Friday, February 19, 2021

Hey Let's Go and Zone Out at Hogwarts

 Eliza Brooke, "Hey Let's go and Zone Out at Hogwarts", New York Times, February 18, 2021, pp. D4-D5. 

Picture this: You’re in the Hogwarts library. Rain falls outside, a fire crackles across the room, and somewhere offscreen, quills scribble on parchment. You might look up from time to time to see a book drifting through the air or stepladders moving around on their own. Or maybe, you’ll feel so relaxed, you nod off to sleep. Welcome to the world of so-called ambience videos, a genre of YouTube video that pairs relaxing soundscapes with animated scenery in order to make viewers feel immersed in specific spaces, like a jazz bar in Paris or a swamp populated with trilling wildlife. They are part of a long tradition of audiovisual products and programming designed to make a space feel a little more relaxing, a little nicer.

...

There’s a video for just about every taste and mood.
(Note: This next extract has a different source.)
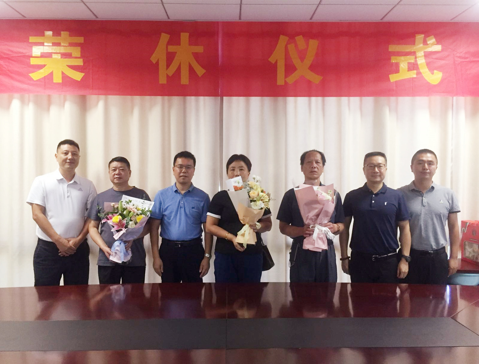 在庞宪洪处长带领下,处领导为三位荣休教职工送上了鲜花和礼品并合影,祝愿他们退休生活如鲜花般多姿多彩。全体后勤人自发起立用热烈的掌声欢送他们离开仪式现场。

Library and cafe environments tend to be popular, but viewers can also enjoy the more specific experience of a carriage ride through the woods, a haunted Victorian manor, the RR Diner from “Twin Peaks” or a full hour of Olivia Rodrigo’s hit single “Driver’s License” edited to sound like it’s playing in another room during a rainstorm.

 COMMENT

The library place of refuge is so compelling that it is translated into things that remind people of libraries, in this case, a video meant to create a library mood. 


Across the Years the Pages Come Alive

Jennifer Schuessler, "Across the Years the Pages Come Alive," New York Times, February 19, 2021, p. C12.
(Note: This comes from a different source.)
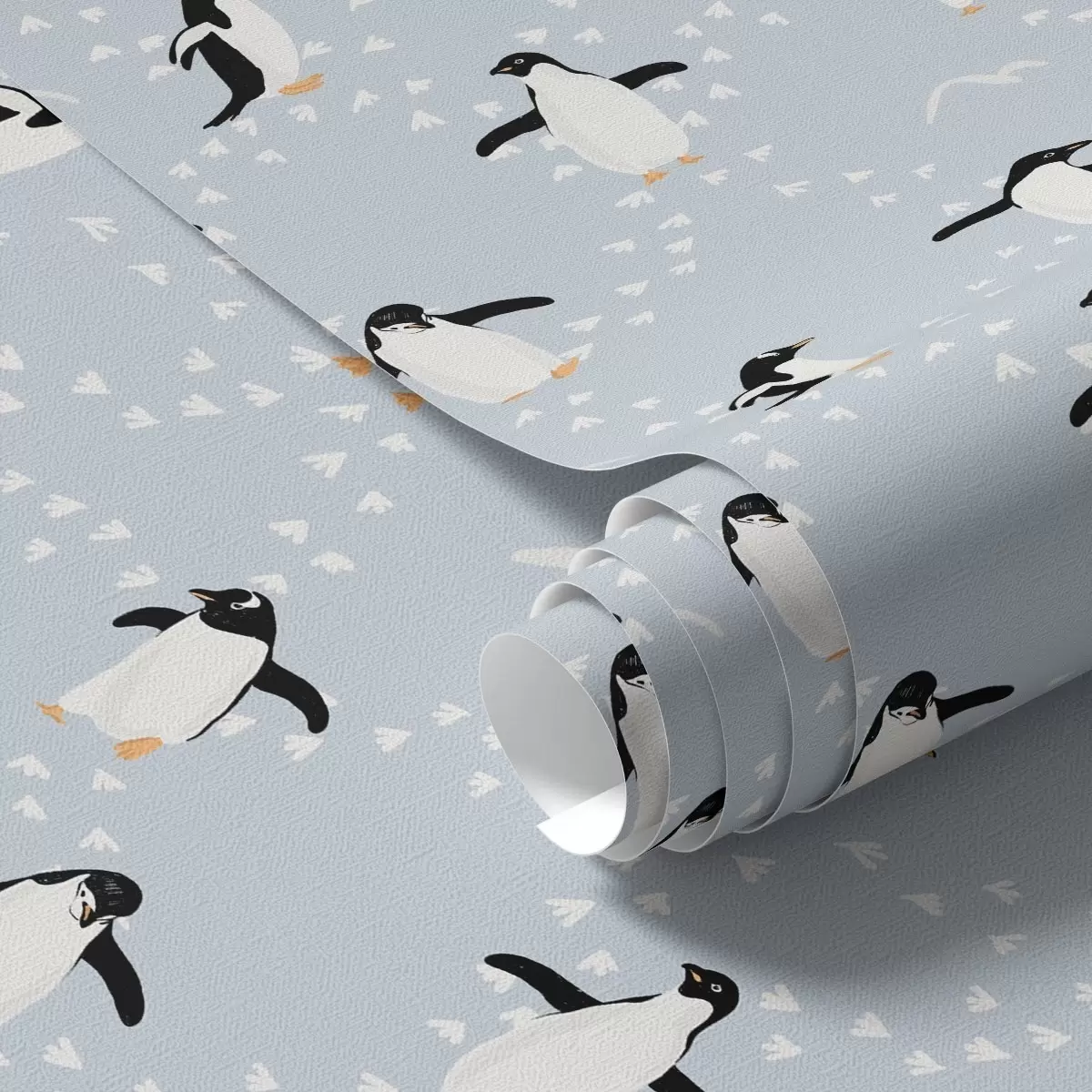 Tapeet Pingviinid helesinisel taustal, jalajälgede rütm Nr. a00655v2

Julie Carlsen, a librarian and cataloger who curated the exhibition with Lomazow, called his collection “endlessly fascinating,” if a bit daunting to sort through in search of a clear narrative line. “It’s encyclopedic, as is Stephen’s memory of it,” she said. “He has highbrow material, but also oddball one-off material. It’s wonderful to page through.”

COMMENT

The librarian helped curate a display of  first issues of magazines. 

 

 

Latina/o transfer students’ selective integration and spatial awareness of university spaces

 Andrade, Luis M. "Latina/o transfer students’ selective integration and spatial awareness of university spaces." Journal of Hispanic Higher Education 17, no. 4 (2018): 347-374.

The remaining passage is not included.